We decided against a diagnostic grouping as the resulting case numbers would be too small, and the CHD types are not occurring with the same probability. This might lead to estimation problems, especially after stratifying the study population by additional covariates.

Sex: Respondents’ sex was classified based on their information provided during the interview. Sex classifications were also part of the patient documentations in the hospital.
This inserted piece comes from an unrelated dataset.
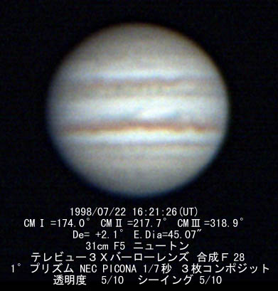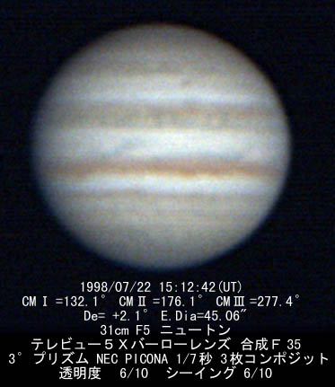 ![]() No.34 1998/07/22 17:52(UT) I=229.7 II=272.7 Seeing:3/10 Transp.:5/5 x360 |

Educational level: was collected for patients/survey respondents and for parents. It was classified into “no formal educational qualification achieved”, “8/9 years of school education (Hauptschulabschluss)”, “10 years of school education (Realschulabschluss)”, and “12/13 years of school education (Abitur)”. For parents, educational level was assigned according to fathers’ school education, and if unavailable, mothers’ education was assigned. This procedure was applied because the number of missing data was lower for fathers’ education. The difference between the two cannot be assumed to biasing our results, because inspecting the available mothers’ and fathers’ degrees led to a high concordance of qualifications what in turn supports the practice described. A possible alternative option might be the combined inclusion of mothers’ and fathers’ educational level. Finally, it was decided against this solution, because the proportion of successful matchings of cases and controls would have become smaller. Educational level was introduced as a possible confounder as the number of children may be dependent on socio-economic position [20].

Children: In all cases data were collected on the number of children with a maximum of five, and on the year of birth. Additional information from patients was obtained whether their children were also born with a congenital heart disease, and whether they intended to have more.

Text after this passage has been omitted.